As today’s software development practices form their foundations on the cloud through cloud support services, digital applications are more interconnected than ever before. If your IT agency is a dedicated AWS partner (or partnered with any other leading provider, for that matter) this implies a relationship with an entity apart from your development team. This is all well and good, but have you thought about how these facets need to come together for leveraging business outcomes? A sustainable software development lifecycle is one such component, but understanding your customers, employees and various other stakeholders is a whole other area of untapped potential.
Once again, the mix between software and the cloud comes into play. While your applications reach the masses, data is fed from every interaction, and into your databases that are located in the back-end. This is where the potential lies; by understanding this data better, your business will be on its way to enhancing everything from customer journeys to better products. However, extracting insights from your data is a fairly complex undertaking – even for the simplest of data repositories. But this hasn’t deterred today’s businesses from venturing into data territory, for the potential that lies within is one that is bound to bring true value and competitiveness.
The many fields of studying data have long since been increasing in popularity, but many fundamental aspects are still misconceived by the typical business owner. Big data, data science and data analytics are three terms that are commonly used, but since their use cases overlap, this leaves many confused.
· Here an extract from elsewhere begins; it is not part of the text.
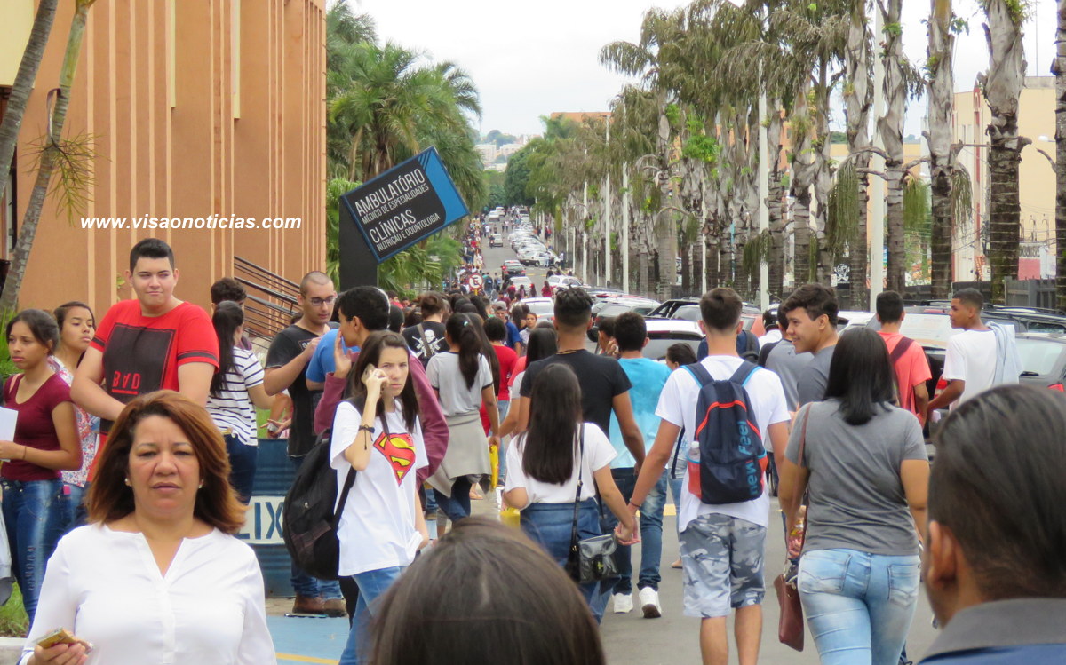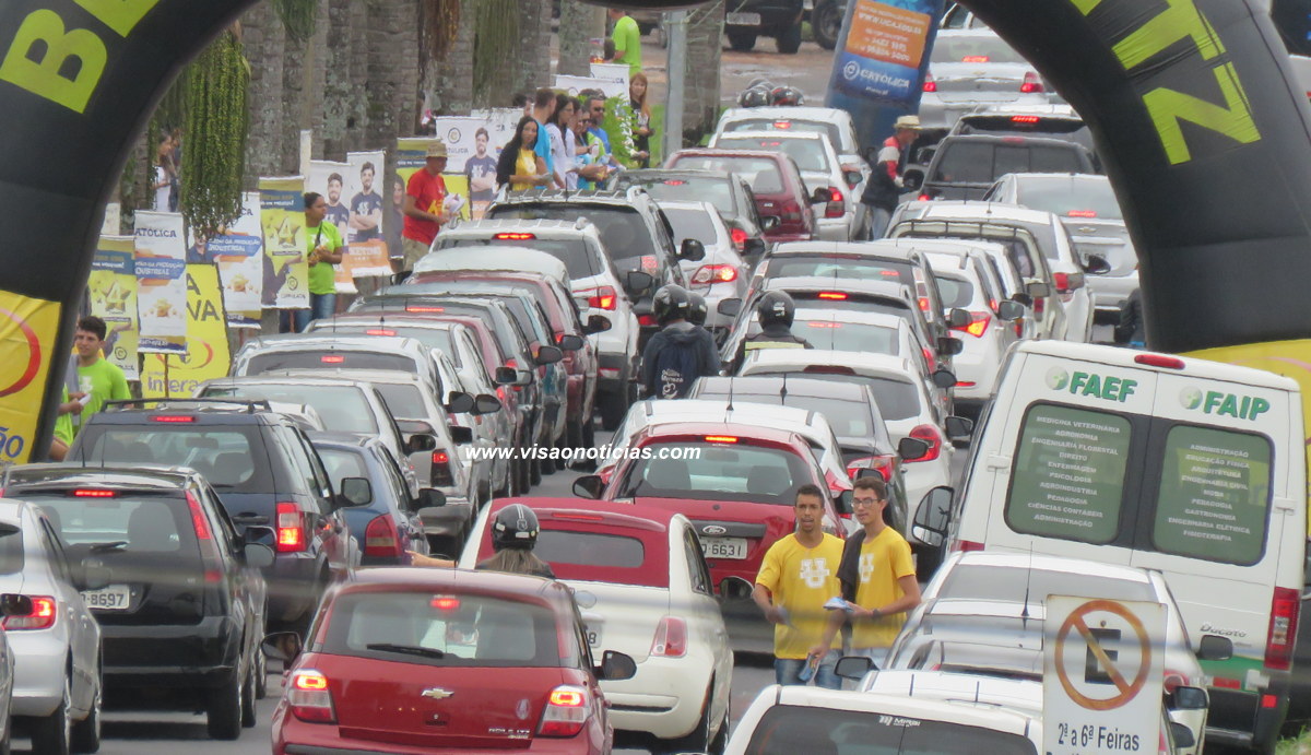 Movimento intenso de veículos na chegada ao campus universitário, em Marília.

Here, we outline the definitions of each, with the aim of individually understanding each component – and how it falls into the bigger picture pertaining to business data.
If you own a digital application/product which collects data with every interaction a user makes, you’ve got big data on your hands already. What really distinguishes big data from its otherwise ‘data’ counterpart is the fact that big data is too overwhelming to be processed by basic analytics tools. On top of that, increasing data entries may also render databases saturated – another clear sign of classic big data.
As data is gathered with even the smallest interactions, big data can gradually pile up, thereby creating vast amounts of raw and unstructured data repositories. Extracting insights from raw data of this calibre via rudimentary tools and expertise can only do so much; advanced competencies are required so that numbers can be crunched to precisely address the challenges your business may be facing.
Ultimately, big data is always a requisite for any form of data-related study; it all boils down to how effective your strategy is for extracting insights from such repositories.
When you have pools of big data that are already replete with figures, entries and everything else in between, you have two major ways to bring the value that all this data holds, to the forefront. Data science is one of them. By incorporating mathematical equations, programming expertise or a combination of the two, existing data can be processed to reveal trends and insights otherwise not observed by current business strategies.
One of the biggest advantages that data science offers to businesses is the ability to measure, change and repeat. An iterative process of this nature is an effective solution in the wake of aggressive business competition, especially since technology and consumer trends are always changing. On a more mainstream and general level, data science is the base for anything that is involved with machine learning, as identifying patterns from existing data sets is crucial for algorithms to learn and understand, for enhancing product outputs.
If your business has burning questions that have been left unanswered, digging deeper into your data to address the same can give you a sense of direction of what to do next, depending on what the numbers tell you. This is a prime example of data analytics, and is also one of the solutions you can adopt for making better sense of your big data. Modern Business Intelligence solutions focus on offering advanced data analytics capabilities, from intricate visualizations to customizations at a granular level.
On the whole, data analytics can also focus on obtaining data based on a question that businesses need a response to, with processing and reporting also following suit in the same way. This can be a highly targeted strategy to resolve chronic or persisting business problems – something which the industry of software development in Sri Lanka is also striving to do, through its data-centric digital services.
With cloud-based Business Intelligence involving easy setup with little to no IT intervention, data analytics has become more accessible. No matter what you specialize in and which department you hail from, access hosted Business Intelligence by filtering preferences to make your data work for you – and not the other way around.
Don’t forget about data integrity
As companies get busy in understanding loopholes and problems that can be fixed through data-backed decisions, identifying and securing the very source(s) of data commonly falls by the wayside. This can be detrimental for businesses, as poor data can reveal invalid insights, thereby leading to equally faulty business decisions.
Before you delve into data science or data analytics, ensure that your data is arriving from valid sources, and is well secured – with only authorized individuals being allowed to access it. Routine validation is also necessary, as even the smallest data items can lead to erroneous reporting.
With millions reliant on the modern digital landscape, vast amounts of data are being generated during any given moment. Within these data masses lies immense value, as records can reveal trends and outcomes that would’ve otherwise never caught the attention of anyone who is involved with your brand or business.
This is where big data, data science and data analytics come in. Understanding these three terms will give you the leverage you need to intelligently unveil insights that lie underneath otherwise raw data, for powerful decision making.